Without seeing your code, my guess would be that you’re still sending text, as a null-terminated string. The maximum length of such string is always 1 less than its total length, as it always needs a place to store the 0x00 character.
If you look at the manual for slice, you’ll see it needs a start index and an end index. In the examples x is the start index. In my example:
var i = uint16(bytes.slice(0, 2)); // use bytes 0 and 1
var c = latLng(bytes.slice(2, 10)); // use bytes 2 thru 9
You could rewrite that to:
var x = 0;
var i = uint16(bytes.slice(x, x + 2));
x = x + 2;
var c = latLng(bytes.slice(x, x + 8));
x = x + 8;
...
Here is the Arduino code:
byte mydata[3];
uint16_t k;
// Prepare upstream data transmission at the next possible time.
Serial.print("\nReady to send string mydata “);
Serial.print(k);
Serial.println(” in DEC is: ");
LoraEncoder encoder(mydata);
encoder.writeUint16(k); //
LMIC_setTxData2(1, mydata, sizeof(mydata) - 1, 0);
Serial.println(F(“Packet queued”));
So, declaring memory space for just 2 bytes is good enough (you’re not sending a null-terminated string here, but just plain bytes that you encode yourself):
Well, that example does send a null-terminated string:
static uint8_t mydata[] = "Hello, world!";
Here, the text is 13 characters long, but the size of mydata will be 14, to add an 0x00 at the end. So, to only send the text without the trailing 0x00 character, sizeof(mydata) - 1 is needed.
The example would better use strlen((char *)mydata) to get the size up to the first 0x00 character. Or better yet: not send strings at all
At the end of this topics i would like to thank you to @arjanvanb for the useful advices and i would like to make short digest to be useful for the someone else also.
Here is the highlights:
before you send the data from the node you should pack it in packet as small as possible due to stay within fair policy BW use; so the best way is to code it and not to use for example ASCII text;
to code use code for Arduino and if you use “Convenience class LoraMessage” do not forget “LoraMessage message” at the beggining of the loop, otherwise your payload will grow every time as it will pass the loop ;-);
to decode message on TTN go to console/payload functions and in window of decoder copy src/decoder.js and at the end add for example “return decode(bytes, [uint16, temperature, humidity, uint16], [‘voltage’, ‘temperature’, ‘humidity’, ‘pressure’]);”
When everything work fine comes another question: how can i decrypt messages from two different nodes where one sending for example temperature and the other sending temperature and voltage?
You might be able to determine the difference by the size of what is received.
Alternatively what we did once when we had all kinds of different nodes, we added a leading byte describing what data was following. I.e. 0x00 for temp 2 bytes (total of 3 bytes), 0x01 for temp 2 bytes plus voltage 1 byte. Etc.
Please help me with decoding data. I have this payload:
05 0A EF 22 28
where 050A is 2565 (this is temperature in celsius / 100)
where EF22 is 8944 (this is pressure in hPa, subtracted 900 and multiplied with 100)
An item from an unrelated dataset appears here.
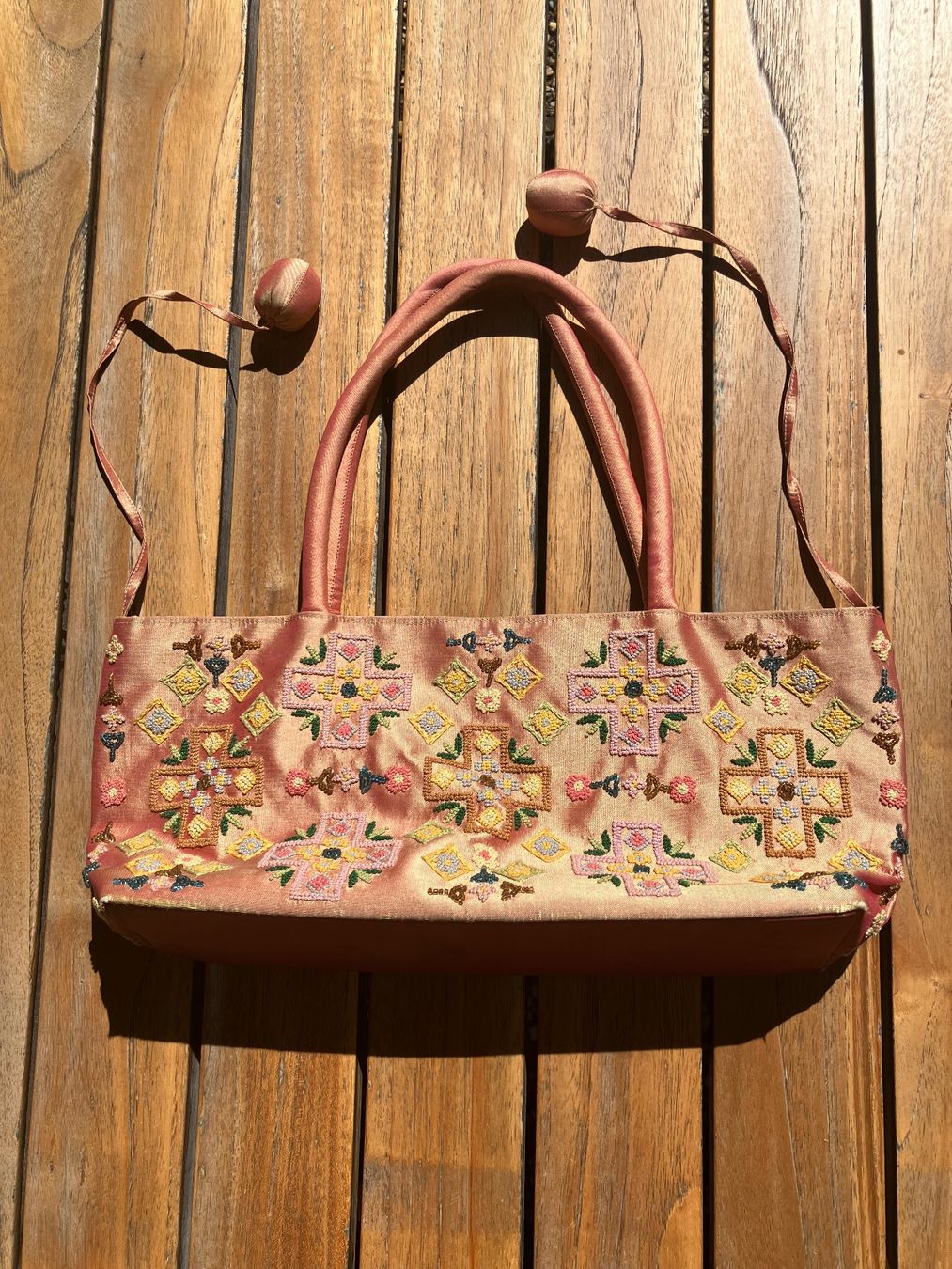 Sac à main vintage brodé rose doré (D #39 occasion) à Chavannes des Bois

where 28 is 40 (humidity in %)
This is decoder script but beggining is wrong.
function Decoder(bytes) {
var temperature = bytes[0];
var pressure = bytes[2];
var humidity = bytes[4];
dekodovana_teplota = temperature / 100;
dekodovany_tlak = (pressure / 100) + 900;
return {
teplota: dekodovana_teplota,
tlak: dekodovany_tlak,
vlhkost: humidity
}
}
The first two values use two bytes each. The decoder won’t automatically add the other bytes for you. So, you’d need:
// LSB (least significant byte first):
var temperature = bytes[1]<<8 | bytes[0];
var pressure = bytes[3]<<8 | bytes[2];
Also, to support negative temperatures, you’ll want to read my notes about sign-extension above, and use:
// LSB (least significant byte first) and sign-extension to get 4 bytes
// for proper decoding of negative values:
var temperature = bytes[1]<<24>>16 | bytes[0];
if you are an idiot like me and need to decode some text, paste this into your decoder payload function section.
this took me 2 hours to figure out. hope it saves you an hour and 55 minutes.
function Decoder(bytes, port) {
// Decode plain text; not recommended
var text = String.fromCharCode.apply(null, bytes);
return{
text: text,
}
}
hello, have you any example please of converting a text in bytes. I’m trying to do so with c++ on raspberry but fail!
The purpose is to send some informations of macaddress of conneted devices.
My string looks like: “54:65:00:AF:99 \n 78:87:09:AR:90 …” i get it in std::string format and i want to split it into bytes[]. thanks!